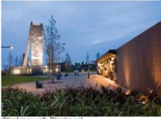
Climbing wall, Blackpool
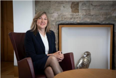
Rt. Hon Alison Johnstone MSP Presiding Officer

Rinn sinn an ro-innleachd àrd-mhiannach seo le co-obraichean thar Seirbheis Phàrlamaideach na h-Alba, a' cleachdadh an eòlais aca air conaltradh le Buill, luchd-obrach is am poball. Tha e a' mineachadh mar a dh'obraicheas sinn san t-Seisean gus ar dealas a choileanadh gus piseach a thoirt air beatha muinntir na h-Alba.
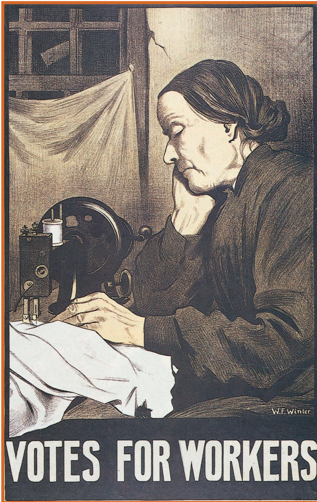
Cover Image/Image 3: Suffragette Poster Campaign. Designed by W.F. Winter, printed by Carl Hentschel, published by the Artists' Suffrage League.
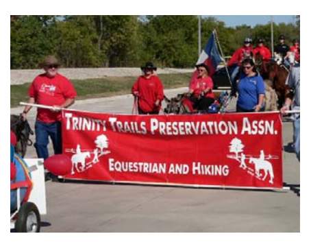
Trinity Trails Preservation Association
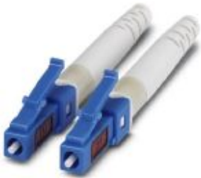
LC duplex connector, with long bend protection, for single mode 9/125 µm, PC polishing, blue

Please be informed that the data shown in this PDF Document is generated from our Online Catalog. Please find the complete data in the user's documentation. Our General Terms of Use for Downloads are valid ( http://phoenixcontact.com/download )
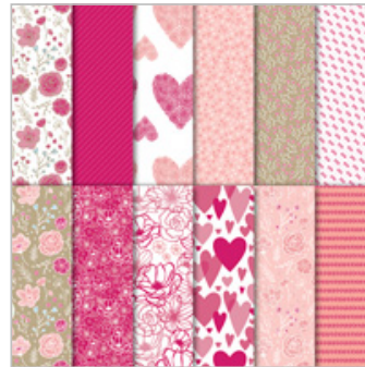
All My Love 12\" X 12\" (30.5 X 30.5 Cm) Designer Series Paper
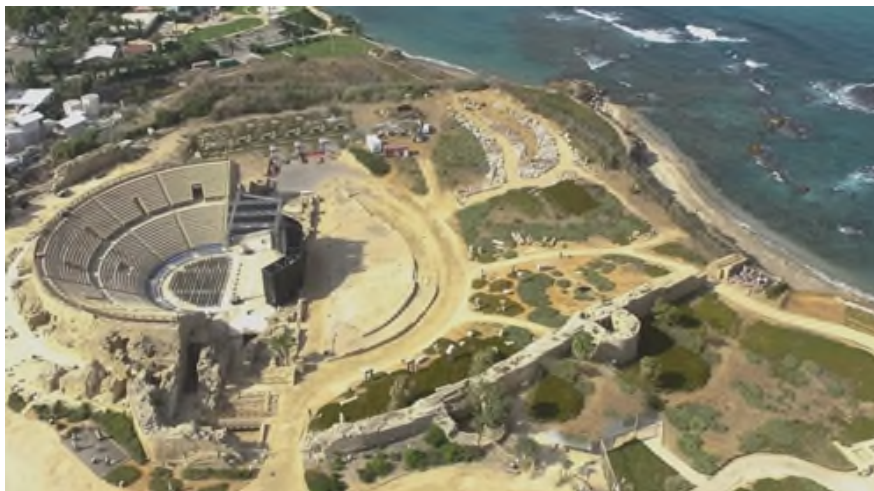
Caesarea Maritima where King Herod Agrippa was judged by God.

“And upon a set day Herod, arrayed in royal apparel, sat upon his throne, and made an oration unto them. And the people gave a shout, saying, It is the voice of a god, and not of a man.” (Acts 12:21-22)
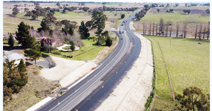
East Guyong -before and after. Photos taken from Fenton Road looking West towards Orange.
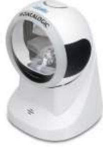
Datalogic Cobalto CO5300 Operating: 0 to 40 °C / 32 to 104 °F Storage/Transport: -40 to 70 °C / -40 to 158 °F Input Voltage: 5 VDC +/- 5% Light Source: 650 nm VLD Resolution: 0.130 mm / 5 mils

** What is being asked **
Please copy out each line of the material that holds the string "Herod".

** Exercise result **
Caesarea Maritima where King Herod Agrippa was judged by God.
“And upon a set day Herod, arrayed in royal apparel, sat upon his throne, and made an oration unto them. And the people gave a shout, saying, It is the voice of a god, and not of a man.” (Acts 12:21-22)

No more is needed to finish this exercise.